How might CRISPR-Cas9 technology be applied to study PUS5 function in C. glabrata?

CRISPR-Cas9 technology offers powerful approaches for studying PUS5 function in C. glabrata:

• Gene Editing Applications:

  • Complete gene deletion using homology-directed repair

  • Introduction of point mutations to create catalytically inactive variants

  • Tagging with fluorescent proteins or epitope tags for localization and interaction studies

  • Creation of conditional alleles (e.g., degron-tagged versions)
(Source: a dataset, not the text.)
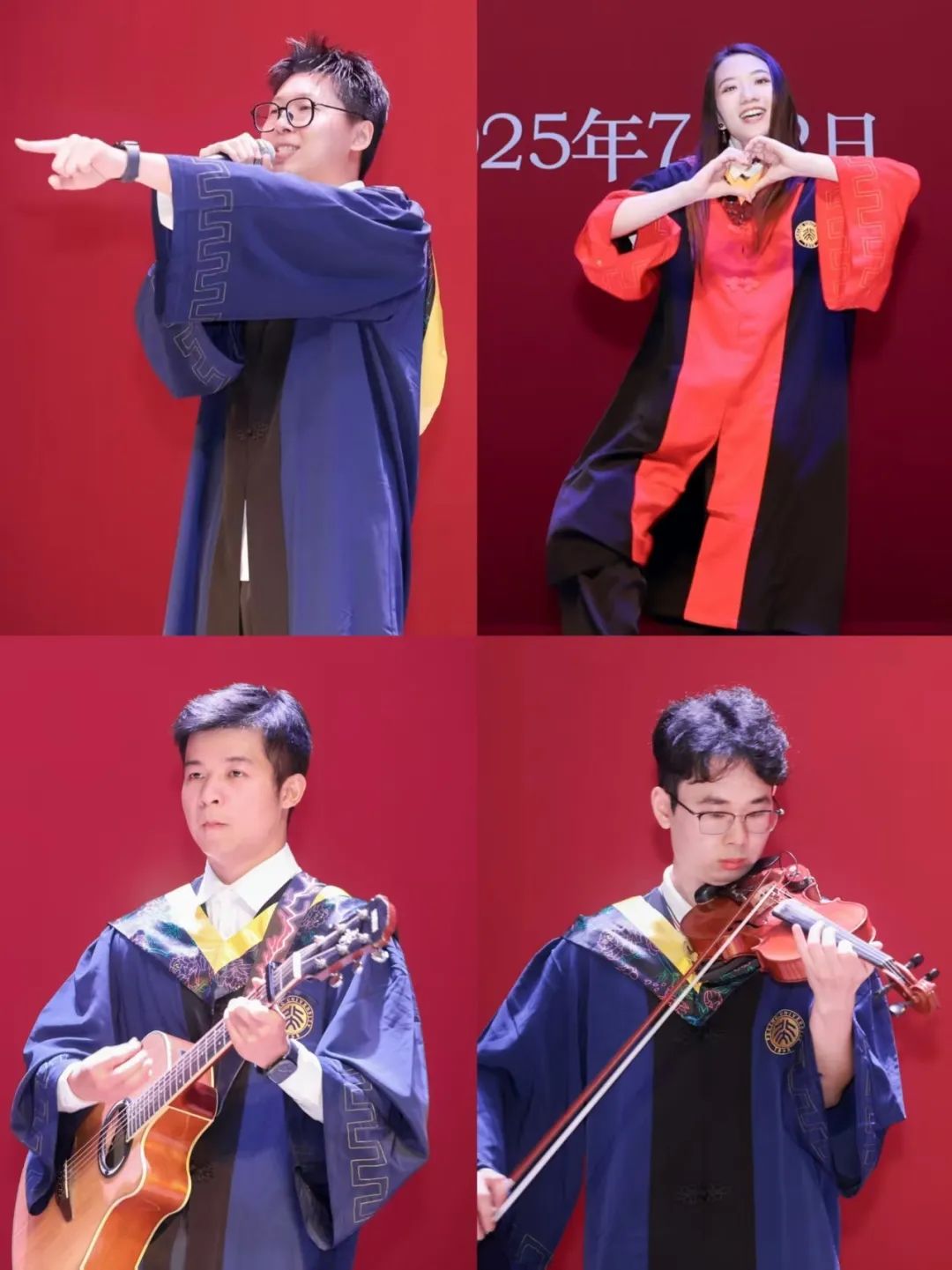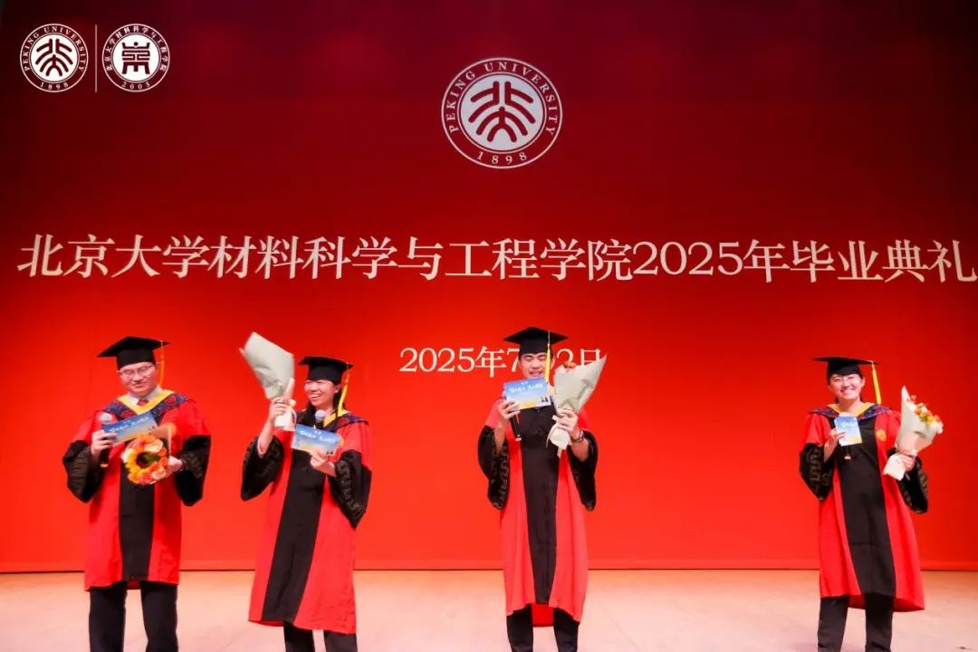 暖场环节结束后,典礼在庄严的国歌合唱中正式拉开帷幕。2025届本科毕业生代表吕振霄、硕士毕业生代表鞠姗姗、博士毕业生代表邓欣雨和赖根明、前沿工程博士毕业生代表王培民通过集体讲述的方式,共同回望了北大材料人在燕园“立志—储能—突围—奉献”的进阶之路。从初心萌芽到锋芒淬炼,每个阶段都在诉说着材料人独有的浪漫,都在坚定地以北大材料之名,答青春时代之问。

• Implementation Strategy:

  • Design guide RNAs targeting PUS5 using C. glabrata-specific tools

  • Introduce stop codons or frameshift mutations early in the coding sequence, similar to the approach used for CaPUS7

  • Confirm edits by PCR, restriction digestion, and sequencing

  • Validate protein loss by Western blotting

• Advanced CRISPR Applications:

  • CRISPRi for tunable gene repression

  • CRISPRa for overexpression studies

  • CRISPR base editing for precise nucleotide changes

  • CRISPR screening to identify genetic interactions

• Experimental Design Considerations:

  • Include multiple guide RNAs to minimize off-target effects

  • Generate independent mutant isolates to confirm phenotypes

  • Use appropriate controls, including complemented strains

  • Consider the impact of strain background on phenotypic outcomes

This technology would enable precise genetic manipulation to elucidate PUS5 function in ways previously challenging with traditional methods in C. glabrata.